--- Information shown ---
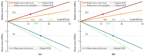 According to the advanced SCB model, the interfacial stresses at critical cross-sections are calculated using experimental data and compared with the theoretical predictions of Zhao et al. [21], as shown in Figure 10. Gravity is not accounted for in the theoretical calculations, resulting in identical stresses at the crown and invert. According to the bidirectional compression model, there is no shear at the springlines. The difference in interfacial radial stress between the two theories can be negligible, whereas the difference in shear stress is significant. As shown in Figure 9, the interfacial shear stress failure loads predicted by the proposed theory are closer to the load values corresponding to the inflection points in the strain curves (17 and 15.4 kN/m), showing more accurate calculation results.
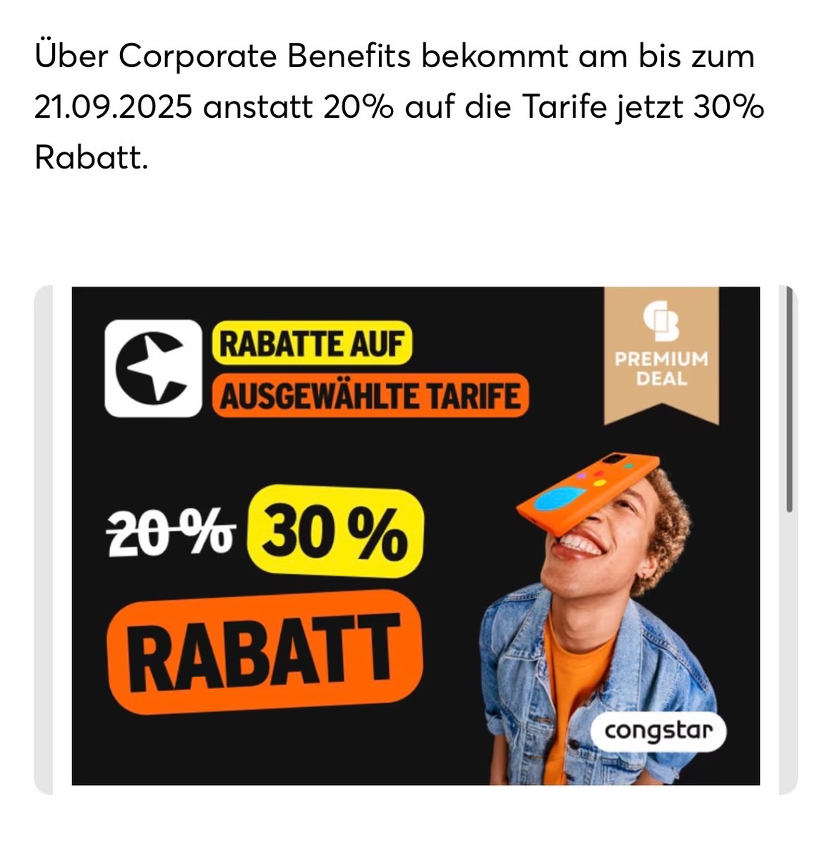 Ergänzend möchte ich darauf hinweisen, dass es im September ein zeitlich begrenztes Angebot gab, bei dem man 30 % Rabatt auf den Vertrag erhalten konnte. Genau dieses Angebot war der ausschlaggebende Grund, warum ich mich trotz eines noch laufenden Vertrags bei o2 (bis Februar 2026) für einen vorzeitigen Wechsel zu congstar entschieden habe. Aktuell zahle ich dadurch sogar zwei Mobilfunkverträge parallel, was ich bewusst in Kauf genommen habe – im Vertrauen darauf, dass die beworbenen Konditionen langfristig Bestand haben.
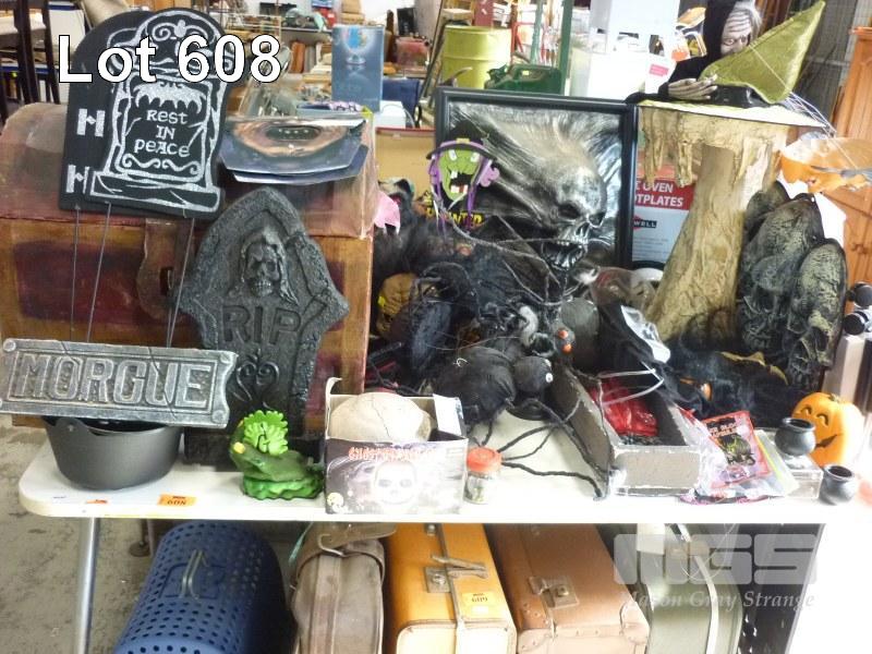ASSORTED HALLOWEEN DECORATIONS, PAPER MACHE, RUBBER MASKS, ETC 1 x TABLE
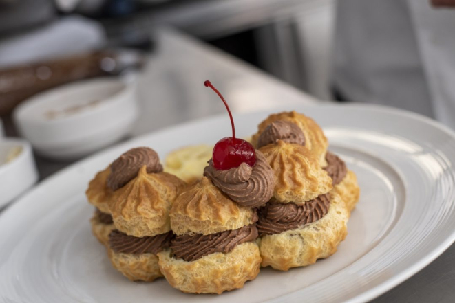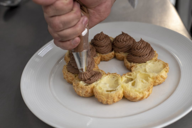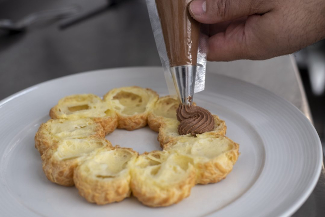 Nesta receita, Juliano ensina a rechear a guirlanda de massa choux com creme de chocolate, mas o sabor neutro do preparo aceita os mais variados recheios. “Caso prefira, a pessoa pode colocar creme de baunilha, doce de leite ou mousse de doce de leite, frutas vermelhas, castanhas. O que a imaginação permitir”, ensina.
---
# Task
Pictures aside, retype the material exactly.

# Exercise solution
 According to the advanced SCB model, the interfacial stresses at critical cross-sections are calculated using experimental data and compared with the theoretical predictions of Zhao et al. [21], as shown in Figure 10. Gravity is not accounted for in the theoretical calculations, resulting in identical stresses at the crown and invert. According to the bidirectional compression model, there is no shear at the springlines. The difference in interfacial radial stress between the two theories can be negligible, whereas the difference in shear stress is significant. As shown in Figure 9, the interfacial shear stress failure loads predicted by the proposed theory are closer to the load values corresponding to the inflection points in the strain curves (17 and 15.4 kN/m), showing more accurate calculation results.
 Ergänzend möchte ich darauf hinweisen, dass es im September ein zeitlich begrenztes Angebot gab, bei dem man 30 % Rabatt auf den Vertrag erhalten konnte. Genau dieses Angebot war der ausschlaggebende Grund, warum ich mich trotz eines noch laufenden Vertrags bei o2 (bis Februar 2026) für einen vorzeitigen Wechsel zu congstar entschieden habe. Aktuell zahle ich dadurch sogar zwei Mobilfunkverträge parallel, was ich bewusst in Kauf genommen habe – im Vertrauen darauf, dass die beworbenen Konditionen langfristig Bestand haben.
ASSORTED HALLOWEEN DECORATIONS, PAPER MACHE, RUBBER MASKS, ETC 1 x TABLE
 Nesta receita, Juliano ensina a rechear a guirlanda de massa choux com creme de chocolate, mas o sabor neutro do preparo aceita os mais variados recheios. “Caso prefira, a pessoa pode colocar creme de baunilha, doce de leite ou mousse de doce de leite, frutas vermelhas, castanhas. O que a imaginação permitir”, ensina.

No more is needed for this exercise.